= Beginning of Section =

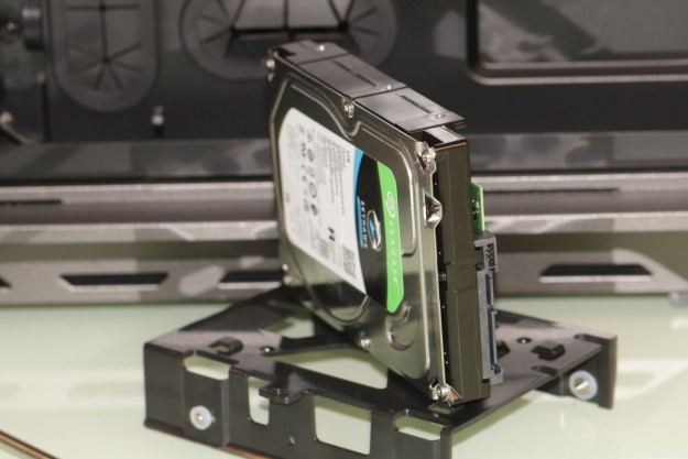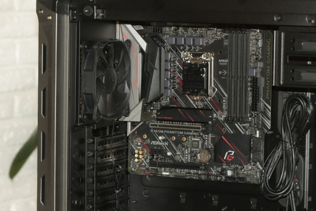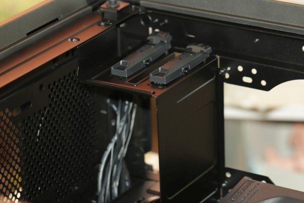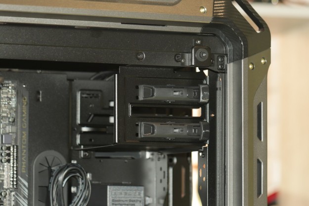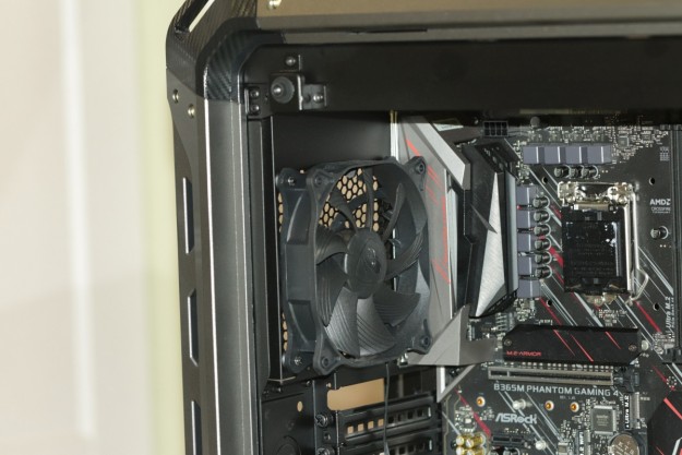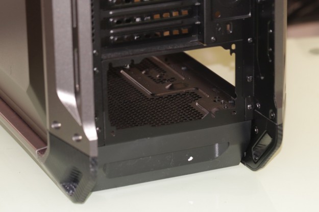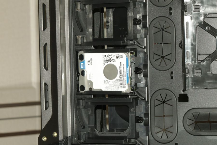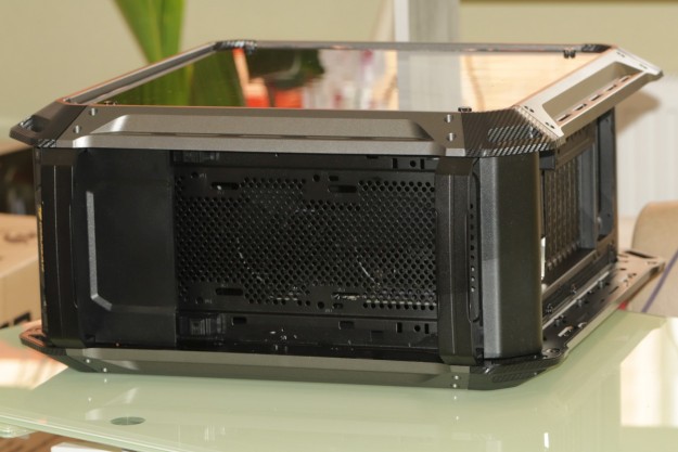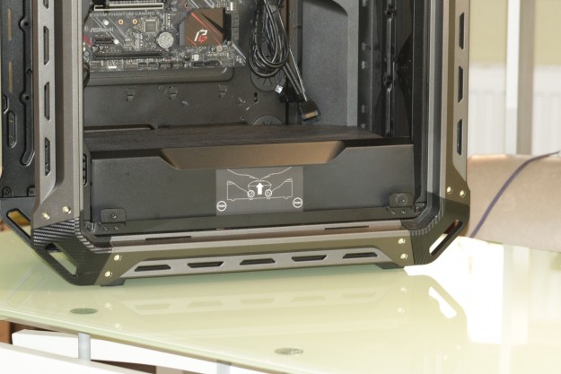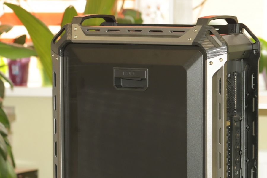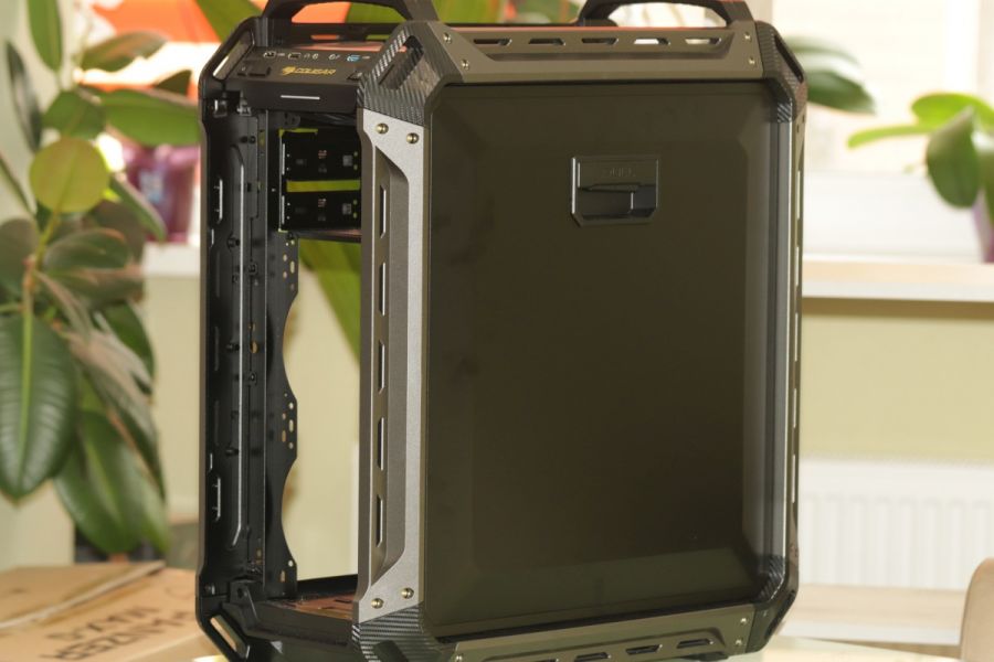 Использованные материалы и качество сборки Cougar Panzer Max-G – это объединение мощного металлического шасси, толщина которого до 2 мм, а также пластика, каленого стекла плюс небольшого количества резиновых вставок. Касательно последних, речь идет о заглушках выводов под шланги СЖО. Стекло – одна из съемных боковых панелей. Все остальное – пластик, включая ребра, «вынесенные» чуть выше корпуса. Кстати, они нам почему-то напомнили кумулятивные экраны, которые строили наши военные на БТР-ы в далеких 2014-16 годах. Видимо, именно из-за таких выносов на торцах корпус и получил соответствующее название. Что ж, выглядит, в самом деле, круто. Упомянутое выше стекло черного цвета. Фиксация панели из этого вида материала на корпусе выполняется при помощи болтов. Поскольку у этих крепежей большие накатанные головки, снять панель можно и не бегая за отверткой – откручивается предельно легко. Еще проще с металлической съемной панелью – формат ее крепления – прочная пластиковая защелка. В надежности убедились лично – произвольно крепление не расстегивается. Второй формат креплений, который также обратил наше внимание – защелки. По роду своей деятельности мы пересмотрели довольно много различных моделей корпусов, однако Cougar Panzer Max-G – первое предложение на нашей памяти с такого рода крепление сетки сверху, под которой «прячется» пылевой фильтр, а также сетки на передней панели, да и некоторых других «мелочей». Это вполне надежно на практике, а кроме того, обеспечивает быстрый доступ к разным компонентам. Например, за сеткой передней панели вы можете разместить вентиляторы системы охлаждения. Да, что интересно, о наличии их здесь заявлено по умолчанию, но в нашем случае под сеткой спереди «вертушек» не было. Почему? Ответ на этот вопрос мы пока не нашли.
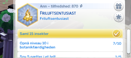 Din simmer har fuldført en Stræben! Din simmer er nu blevet et med naturen og er en sand overlever. Din simmer modtager en ekstra egenskab; Overlever
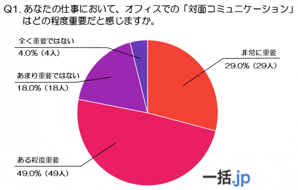調査結果1:オフィスでの「対面コミュニケーション」はどの程度重要だと感じますか。
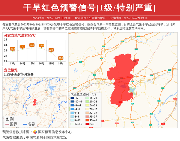 分宜县气象台2022年10月19日18时09分发布干旱红色预警信号:据综合气象干旱指数监测,目前全县气象干旱已达到特旱,预计未来7天气象干旱还将持续发展,请有关部门和单位按照职责继续做好干旱防御工作,城乡居民注意节约用水。 信息来源:国家预警信息发布中心; 发布单位:分宜县气象台。
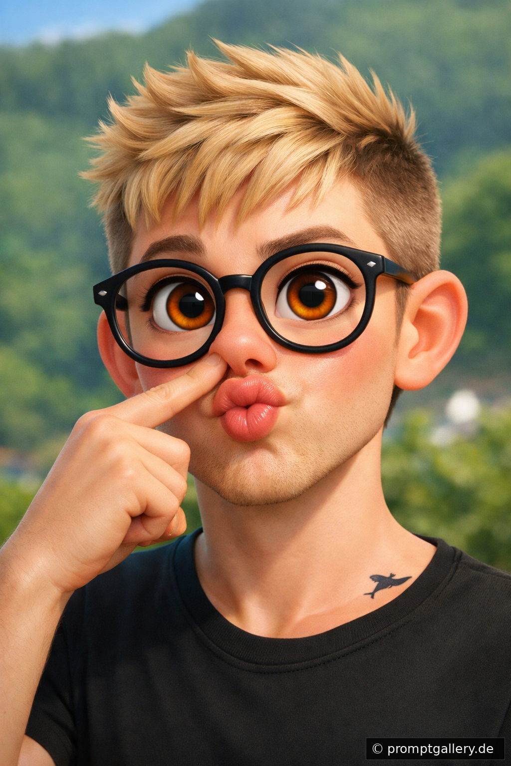 Erstelle aus diesem Photo ein Bild auf die diese Aussage zutrifft: Die Person hat: kurze, seitlich rasierte Haare mit voluminösem, blondem Deckhaar große runde schwarze Brille auffällig große, orange-braune Augen die Lippen spitz zusammengezogen („Kussmund“) einen Finger, der verspielt in ein Nasenloch gesteckt wird 😅 ein kleines Tattoo am Schlüsselbein schwarzes Oberteil Der Stil wirkt wie eine Mischung aus Pixar-/3D-Animationscharakter und Social-Media-Avatar: glatte Haut, weiche Schatten, übertriebene Proportionen, sehr saubere Details. Die Mimik vermittelt Humor, Frechheit und eine leicht alberne, selbstironische Stimmung.
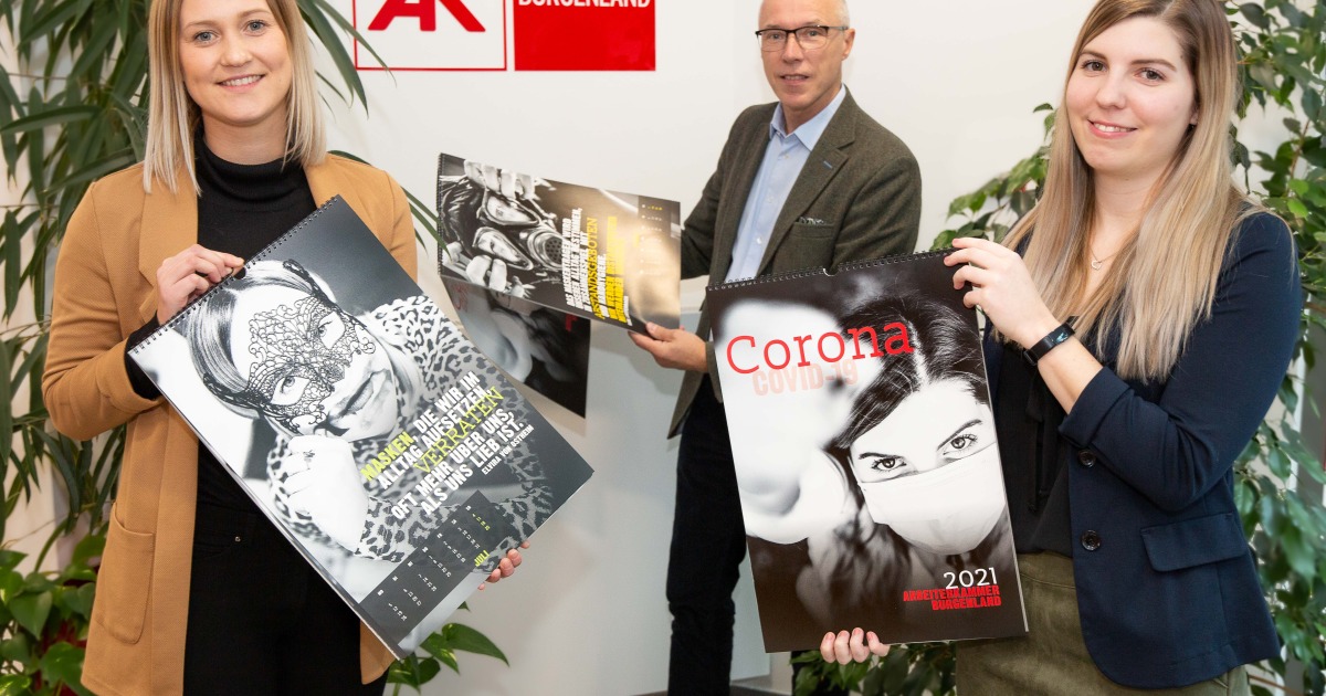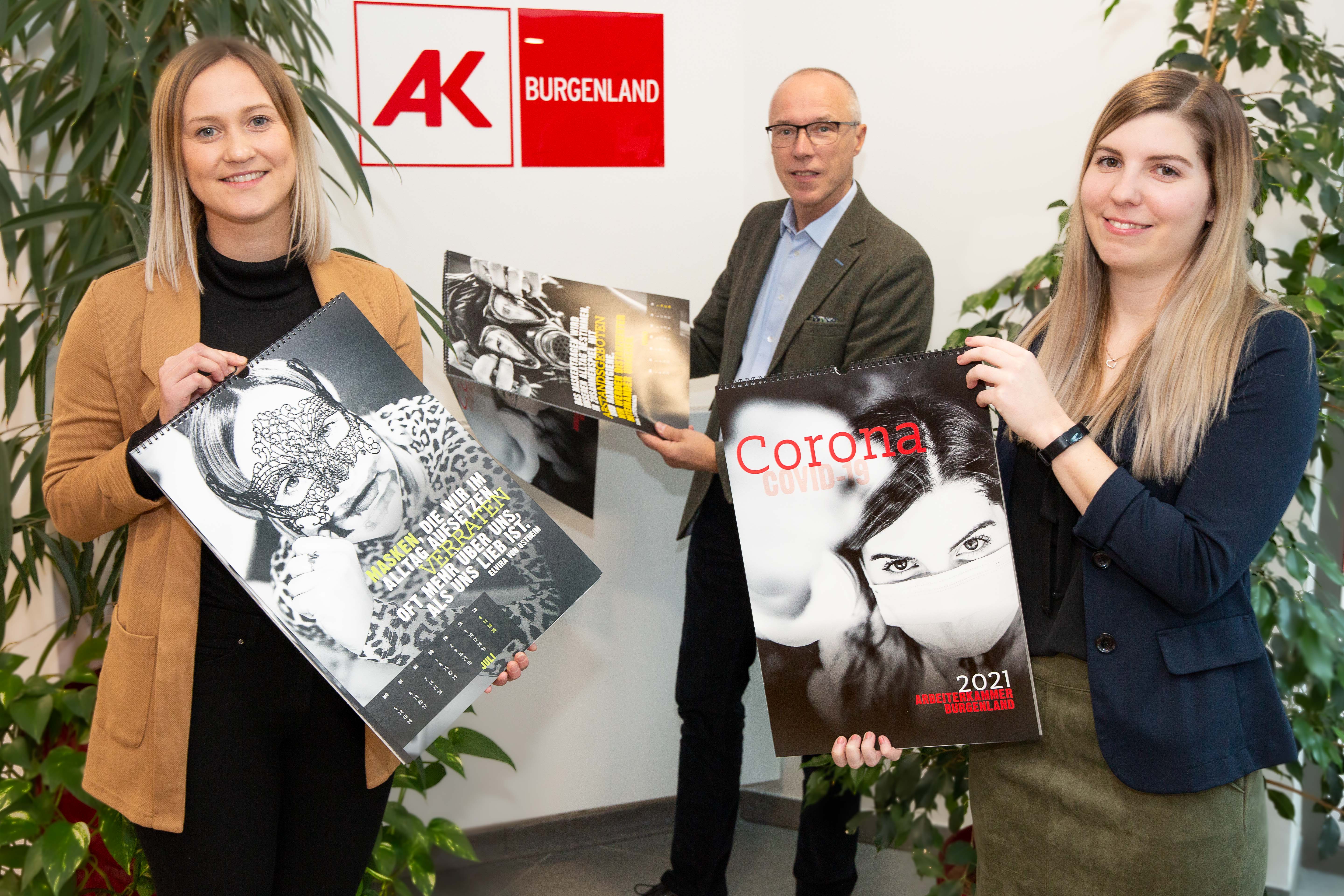 Die Ausgabe 2021 des mehrfach ausgezeichneten AK-Kunstkalenders ist frisch aus der Druckerei in der Arbeiterkammer eingelangt. Das Besondere daran: Sowohl die Fotografen als auch die Models kommen aus der AK. Das Thema für dieses Jahr? Natürlich Corona in all seinen Facetten. Wer die Kalender aus den Vorjahren kennt, weiß, was ihn erwartet: eine Interpretation des Themas in gewohnter provokanter Weise. „Die Fotografen Roman Felder und Roman Huditsch haben einen Kalender mit künstlerischem Anspruch geschaffen. Die Fotos sind fordernd und voll Ironie – und das ist gut so, gratuliere!“, zeigte sich AK-Chef Mag. Thomas Lehner begeistert.
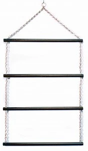 Horse and pony blanket holder. Made of hardwood dowels & brass plated chain. Convenient for horse blankets, horse liners, sheets, rugs and saddle pads. Attractive and very functional tack room blanket organizer. Colors: Stocked in Old World Walnut with Brass Chain. Other colours available by Special Order: Dark Walnut, Natural Cherry, Special Walnut, Cordovan, Mahogany, Cinnamon and new black lacquer. Chrome chain is also available.
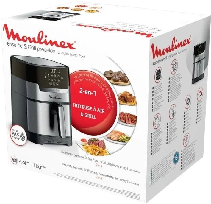 Мультипіч Moulinex EasyFry&Grill Digital з потужністю 1550 Вт та чашею 4,2 л забезпечує приготування на 6 порцій. Технологія Extra Crisp з циркуляцією потоків гарячого повітря та робочою температурою 80-200 °C. Сенсорне керування з 8 автоматичними програмами: картопля фрі, курка, нагетси, риба, м'ясо, піца, овочі, десерт, плюс 2 ручних режими аерофритюр та гриль.
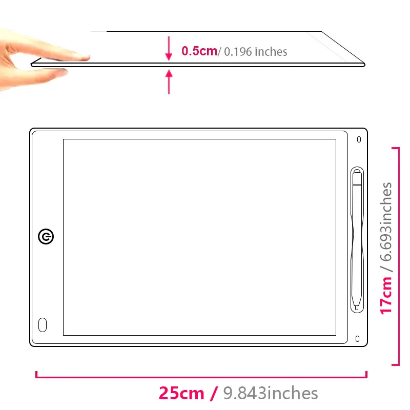 At 10 inches, this LCD writing board is the perfect size for on-the-go calculations and drawings.

= End of Section =

### What to work on
Return every line above verbatim, pictures excluded.

### Response for this exercise
 Использованные материалы и качество сборки Cougar Panzer Max-G – это объединение мощного металлического шасси, толщина которого до 2 мм, а также пластика, каленого стекла плюс небольшого количества резиновых вставок. Касательно последних, речь идет о заглушках выводов под шланги СЖО. Стекло – одна из съемных боковых панелей. Все остальное – пластик, включая ребра, «вынесенные» чуть выше корпуса. Кстати, они нам почему-то напомнили кумулятивные экраны, которые строили наши военные на БТР-ы в далеких 2014-16 годах. Видимо, именно из-за таких выносов на торцах корпус и получил соответствующее название. Что ж, выглядит, в самом деле, круто. Упомянутое выше стекло черного цвета. Фиксация панели из этого вида материала на корпусе выполняется при помощи болтов. Поскольку у этих крепежей большие накатанные головки, снять панель можно и не бегая за отверткой – откручивается предельно легко. Еще проще с металлической съемной панелью – формат ее крепления – прочная пластиковая защелка. В надежности убедились лично – произвольно крепление не расстегивается. Второй формат креплений, который также обратил наше внимание – защелки. По роду своей деятельности мы пересмотрели довольно много различных моделей корпусов, однако Cougar Panzer Max-G – первое предложение на нашей памяти с такого рода крепление сетки сверху, под которой «прячется» пылевой фильтр, а также сетки на передней панели, да и некоторых других «мелочей». Это вполне надежно на практике, а кроме того, обеспечивает быстрый доступ к разным компонентам. Например, за сеткой передней панели вы можете разместить вентиляторы системы охлаждения. Да, что интересно, о наличии их здесь заявлено по умолчанию, но в нашем случае под сеткой спереди «вертушек» не было. Почему? Ответ на этот вопрос мы пока не нашли.
 Din simmer har fuldført en Stræben! Din simmer er nu blevet et med naturen og er en sand overlever. Din simmer modtager en ekstra egenskab; Overlever
調査結果1:オフィスでの「対面コミュニケーション」はどの程度重要だと感じますか。
 分宜县气象台2022年10月19日18时09分发布干旱红色预警信号:据综合气象干旱指数监测,目前全县气象干旱已达到特旱,预计未来7天气象干旱还将持续发展,请有关部门和单位按照职责继续做好干旱防御工作,城乡居民注意节约用水。 信息来源:国家预警信息发布中心; 发布单位:分宜县气象台。
 Erstelle aus diesem Photo ein Bild auf die diese Aussage zutrifft: Die Person hat: kurze, seitlich rasierte Haare mit voluminösem, blondem Deckhaar große runde schwarze Brille auffällig große, orange-braune Augen die Lippen spitz zusammengezogen („Kussmund“) einen Finger, der verspielt in ein Nasenloch gesteckt wird 😅 ein kleines Tattoo am Schlüsselbein schwarzes Oberteil Der Stil wirkt wie eine Mischung aus Pixar-/3D-Animationscharakter und Social-Media-Avatar: glatte Haut, weiche Schatten, übertriebene Proportionen, sehr saubere Details. Die Mimik vermittelt Humor, Frechheit und eine leicht alberne, selbstironische Stimmung.
 Die Ausgabe 2021 des mehrfach ausgezeichneten AK-Kunstkalenders ist frisch aus der Druckerei in der Arbeiterkammer eingelangt. Das Besondere daran: Sowohl die Fotografen als auch die Models kommen aus der AK. Das Thema für dieses Jahr? Natürlich Corona in all seinen Facetten. Wer die Kalender aus den Vorjahren kennt, weiß, was ihn erwartet: eine Interpretation des Themas in gewohnter provokanter Weise. „Die Fotografen Roman Felder und Roman Huditsch haben einen Kalender mit künstlerischem Anspruch geschaffen. Die Fotos sind fordernd und voll Ironie – und das ist gut so, gratuliere!“, zeigte sich AK-Chef Mag. Thomas Lehner begeistert.
 Horse and pony blanket holder. Made of hardwood dowels & brass plated chain. Convenient for horse blankets, horse liners, sheets, rugs and saddle pads. Attractive and very functional tack room blanket organizer. Colors: Stocked in Old World Walnut with Brass Chain. Other colours available by Special Order: Dark Walnut, Natural Cherry, Special Walnut, Cordovan, Mahogany, Cinnamon and new black lacquer. Chrome chain is also available.
 Мультипіч Moulinex EasyFry&Grill Digital з потужністю 1550 Вт та чашею 4,2 л забезпечує приготування на 6 порцій. Технологія Extra Crisp з циркуляцією потоків гарячого повітря та робочою температурою 80-200 °C. Сенсорне керування з 8 автоматичними програмами: картопля фрі, курка, нагетси, риба, м'ясо, піца, овочі, десерт, плюс 2 ручних режими аерофритюр та гриль.
 At 10 inches, this LCD writing board is the perfect size for on-the-go calculations and drawings.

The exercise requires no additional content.